Friday, December 16, 2011

Some Thoughts on Game Theory and Literature

Game theory is one approach to helping one uncover the rules of complex social systems. It shows that complex social systems can be understood as games, meaning they have rules. In postulating that games have rules, game theory goes against certain postmodernist-anarchist views that insist on opposing the very concept of rules. They see rules as limiting, as preventing freedom. They do not understand that it is the very presence of rules that give us “degrees of freedom.”

Nietzsche points out in Beyond Good and Evil that rules are absolutely necessary for every form of morality and art form has used and needed rules. “What is essential and inestimable in every morality is that it constitutes a long compulsion: to understand Stoicism or Port-Royal or Puritanism, one should recall the compulsion under which every language so far has achieved strength and freedom—the metrical compulsion of rhyme and rhythm” (188). He then goes so far as to say that “all there is or has been on earth of freedom, subtlety, boldness, dance, and masterly sureness, whether in thought itself or in government, or in rhetoric and persuasion, in the arts just as in ethics” developed only because of rules – and that the use of rules lies in nature itself, that rules are natural. It is through living by rules that we make it “worth while to live on earth; for example, virtue, art, music, dance, reason, spirituality.”

Nietzsche rejects living without rules. But which rules? The tacit question asked by game theory is: “what rules make for the best games?” But it also asks: “what rules would evolve to ensure survival of the game?” – whether that game is a species or a ritual, an economic system or a work of literature. Further, “Game theory shows how people make decisions about what to purchase and when and the rationale for seeing goals or rewards” (Richmond, et al, Science 11 July 2003, 179). That is, “Our sense of which behavior to choose to reach a goal or obtain a reward is based on the perceived value of the reward, the effort needed to obtain it, and our previous experience about the likelihood of success” (179). Which raises the questions of what is the “goal” of a work of art, and what “reward” that work of art gives us, since behavior’s existence suggests there is a goal and/or reward to be achieved/received that must have been important enough for us to have been pursuing it from prehistory to the present day. We will not act if we do not perceive that the reward we will receive is sufficient.
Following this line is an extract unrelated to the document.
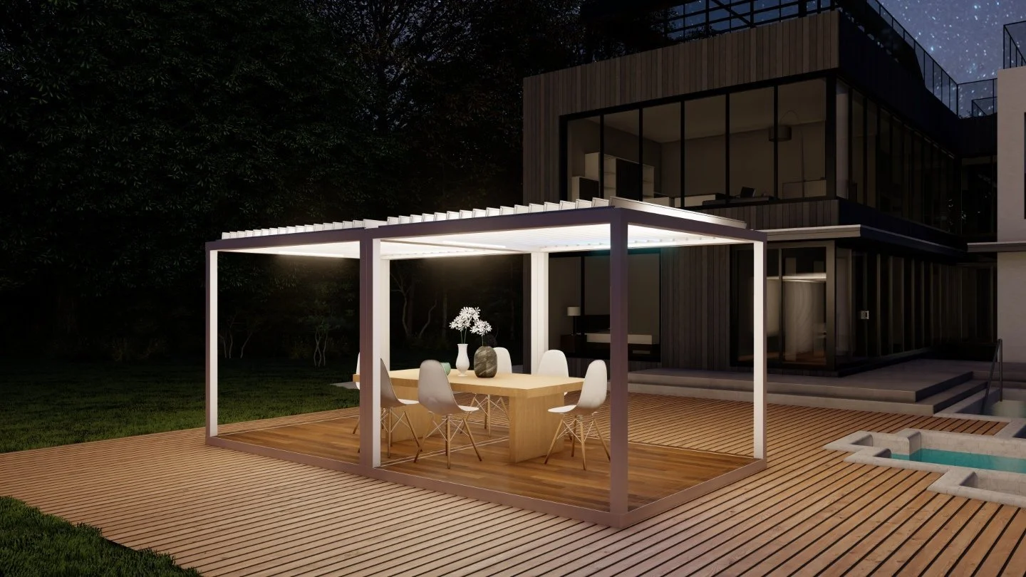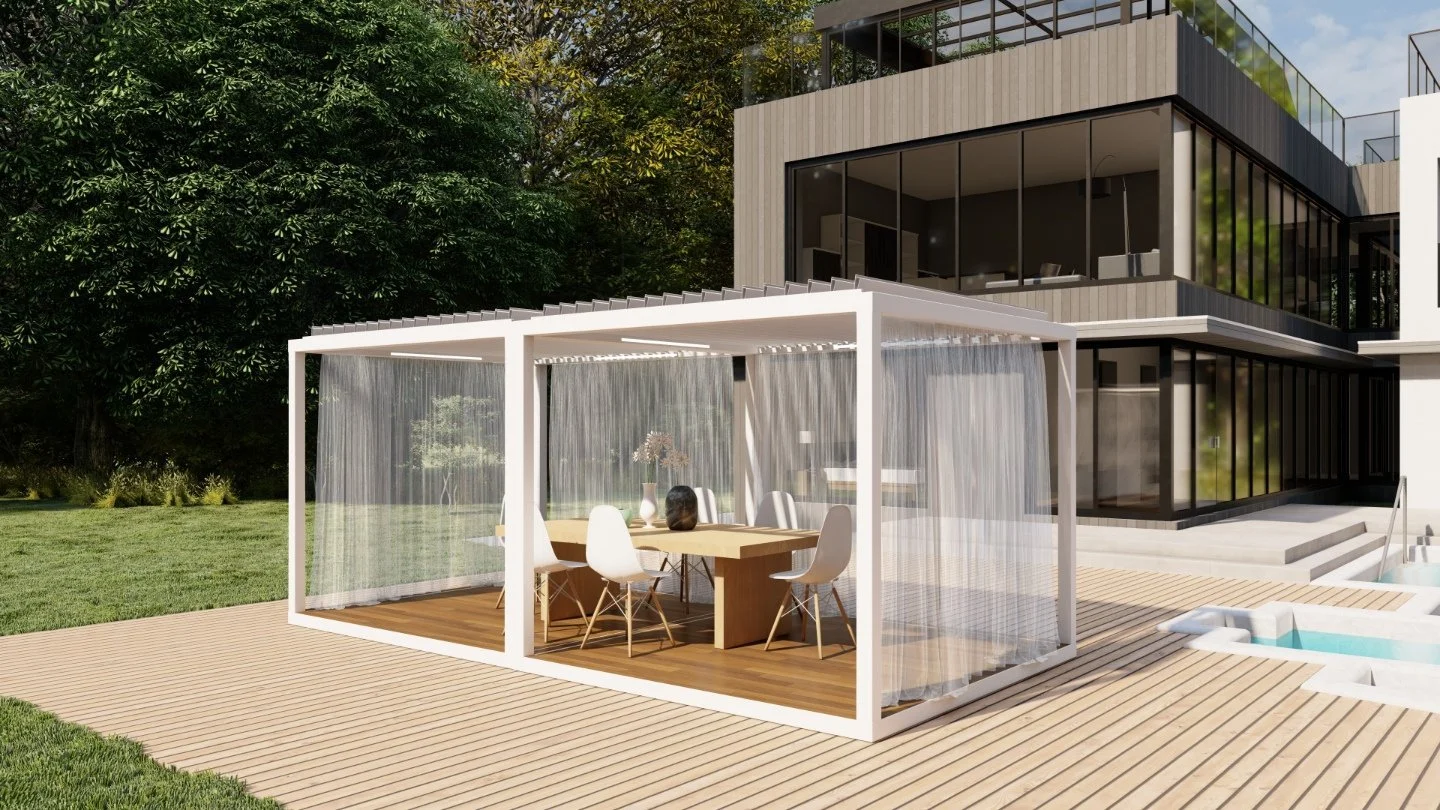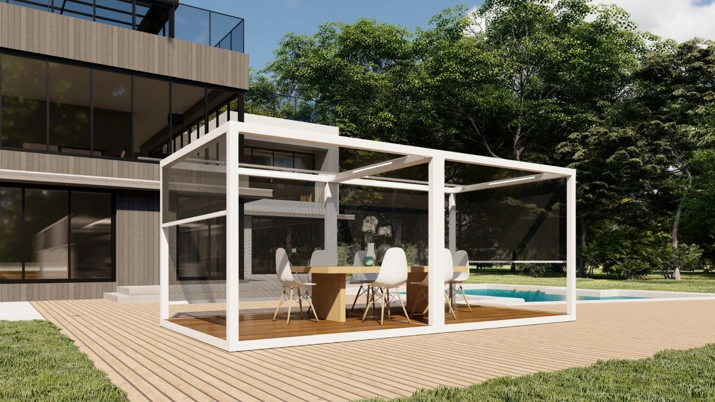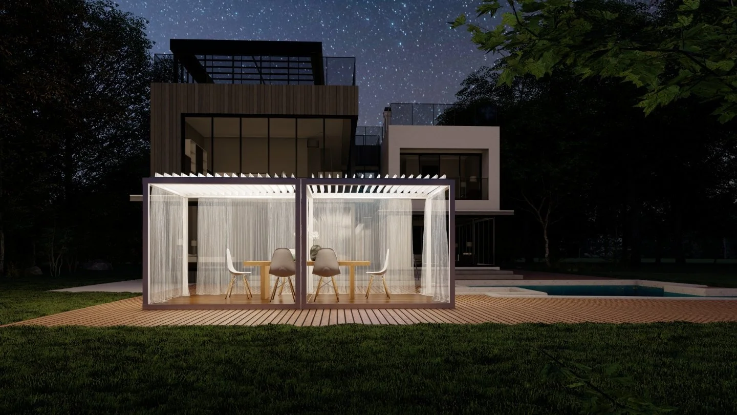 Your outdoor living experience is about to get even better! Revel in the luxury, privacy, and shade of an Azenco K-Bana while spending time outdoors with your friends and family. This stand-alone cabana unit can be installed almost anywhere, including in small outdoor spaces. If you have a larger area, have multiple units installed side by side for a clean and contemporary resort-like feel. Conveniently control the sun and the shade with manual louvers, or opt for an insulated roof to keep cool. The K-Bana modular design allows mixing and matching features, including fixed and sliding walls. An integrated floor frame provides the opportunity for personalized flooring that meets your style preferences.

Action is always directed toward the future; it is essentially and necessarily always a planning and acting for a better future. Its aim is always to render future conditions more satisfactory than they would be without the interference of action. The uneasiness that impels a man to act is caused by a dissatisfaction with expected future conditions as they would probably develop if nothing were done to alter them. In any case action can influence only the future, never the present moment that with every infinitesimal faction of a second sinks down into the past. Man becomes conscious of time when he plans to convert a less satisfactory present state into a more satisfactory future state. (Mises, Human Action, p. 100)

We would not create works of art of literature or participate in viewing/reading/listening to art/literature/music if it did not reward us. That is why l’art pour l’art is neither achievable nor desirable. But each of the questions raised by game theory are really the same question. Formulating it the first way makes it clearer regarding how it can be applied to art and literature. It helps us to see the critic as the uncoverer of the rules the artist used (consciously or not) to create their work of art or literature. Formulating it the second way helps us understand how game theory can help us understand the source of rules, from the laws of physics to the rules of grammar. It shows that more rules are needed for more complex games. Only a few are needed at the quantum level, but with each movement up in complexity, more rules emerge – and are needed – until one gets to complex human social systems, which need thousands, if not millions, of rules. And it shows how necessary rules are if one is going to have any sort of game at all. It is the existence of rules that give us freedom – making us more creative, often far more creative than we are otherwise. Many good rules (note the word “good” here – it is not the number of rules so much as the kind, those that generate more moves, not less) give us many more degrees of freedom. Chess is a better, more complex game, with many more degrees of freedom, than checkers, though both are played on the same board. It is better because more complex. Complexity gives us more freedom. Rules are necessary, but the more complex the system, the more and more complex the rules that are necessary.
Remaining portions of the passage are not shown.